_Exercise_
Exactly as written, output each record given below.

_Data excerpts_
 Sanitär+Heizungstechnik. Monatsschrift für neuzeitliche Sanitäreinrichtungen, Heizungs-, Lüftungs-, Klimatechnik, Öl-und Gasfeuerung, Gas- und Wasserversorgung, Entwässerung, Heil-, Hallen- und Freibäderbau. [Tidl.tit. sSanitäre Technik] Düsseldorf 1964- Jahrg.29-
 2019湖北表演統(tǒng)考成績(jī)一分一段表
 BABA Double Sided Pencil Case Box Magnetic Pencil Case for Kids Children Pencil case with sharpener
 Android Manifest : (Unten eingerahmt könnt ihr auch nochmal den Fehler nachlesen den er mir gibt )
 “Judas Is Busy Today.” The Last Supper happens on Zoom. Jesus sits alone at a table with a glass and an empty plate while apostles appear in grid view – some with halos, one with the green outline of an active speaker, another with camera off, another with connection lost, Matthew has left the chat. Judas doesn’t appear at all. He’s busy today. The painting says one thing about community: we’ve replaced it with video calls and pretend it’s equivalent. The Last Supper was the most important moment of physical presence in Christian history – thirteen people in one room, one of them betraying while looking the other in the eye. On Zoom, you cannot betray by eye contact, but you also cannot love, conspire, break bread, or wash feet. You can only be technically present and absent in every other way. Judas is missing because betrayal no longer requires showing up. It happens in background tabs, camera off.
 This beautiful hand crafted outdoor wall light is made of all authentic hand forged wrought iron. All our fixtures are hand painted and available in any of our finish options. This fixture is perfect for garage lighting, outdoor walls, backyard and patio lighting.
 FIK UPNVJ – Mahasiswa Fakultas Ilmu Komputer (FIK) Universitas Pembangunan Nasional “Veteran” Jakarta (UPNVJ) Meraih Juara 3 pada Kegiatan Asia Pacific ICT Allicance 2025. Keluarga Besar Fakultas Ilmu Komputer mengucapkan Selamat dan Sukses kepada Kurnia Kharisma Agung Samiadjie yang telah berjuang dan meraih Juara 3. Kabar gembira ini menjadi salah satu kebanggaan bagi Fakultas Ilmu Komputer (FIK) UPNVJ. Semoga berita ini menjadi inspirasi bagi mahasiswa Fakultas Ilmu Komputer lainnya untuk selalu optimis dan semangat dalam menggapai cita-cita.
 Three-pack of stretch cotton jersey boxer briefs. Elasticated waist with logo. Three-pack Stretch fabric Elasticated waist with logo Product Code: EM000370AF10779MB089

_Output of the exercise_
 Sanitär+Heizungstechnik. Monatsschrift für neuzeitliche Sanitäreinrichtungen, Heizungs-, Lüftungs-, Klimatechnik, Öl-und Gasfeuerung, Gas- und Wasserversorgung, Entwässerung, Heil-, Hallen- und Freibäderbau. [Tidl.tit. sSanitäre Technik] Düsseldorf 1964- Jahrg.29-
 2019湖北表演統(tǒng)考成績(jī)一分一段表
 BABA Double Sided Pencil Case Box Magnetic Pencil Case for Kids Children Pencil case with sharpener
 Android Manifest : (Unten eingerahmt könnt ihr auch nochmal den Fehler nachlesen den er mir gibt )
 “Judas Is Busy Today.” The Last Supper happens on Zoom. Jesus sits alone at a table with a glass and an empty plate while apostles appear in grid view – some with halos, one with the green outline of an active speaker, another with camera off, another with connection lost, Matthew has left the chat. Judas doesn’t appear at all. He’s busy today. The painting says one thing about community: we’ve replaced it with video calls and pretend it’s equivalent. The Last Supper was the most important moment of physical presence in Christian history – thirteen people in one room, one of them betraying while looking the other in the eye. On Zoom, you cannot betray by eye contact, but you also cannot love, conspire, break bread, or wash feet. You can only be technically present and absent in every other way. Judas is missing because betrayal no longer requires showing up. It happens in background tabs, camera off.
 This beautiful hand crafted outdoor wall light is made of all authentic hand forged wrought iron. All our fixtures are hand painted and available in any of our finish options. This fixture is perfect for garage lighting, outdoor walls, backyard and patio lighting.
 FIK UPNVJ – Mahasiswa Fakultas Ilmu Komputer (FIK) Universitas Pembangunan Nasional “Veteran” Jakarta (UPNVJ) Meraih Juara 3 pada Kegiatan Asia Pacific ICT Allicance 2025. Keluarga Besar Fakultas Ilmu Komputer mengucapkan Selamat dan Sukses kepada Kurnia Kharisma Agung Samiadjie yang telah berjuang dan meraih Juara 3. Kabar gembira ini menjadi salah satu kebanggaan bagi Fakultas Ilmu Komputer (FIK) UPNVJ. Semoga berita ini menjadi inspirasi bagi mahasiswa Fakultas Ilmu Komputer lainnya untuk selalu optimis dan semangat dalam menggapai cita-cita.
 Three-pack of stretch cotton jersey boxer briefs. Elasticated waist with logo. Three-pack Stretch fabric Elasticated waist with logo Product Code: EM000370AF10779MB089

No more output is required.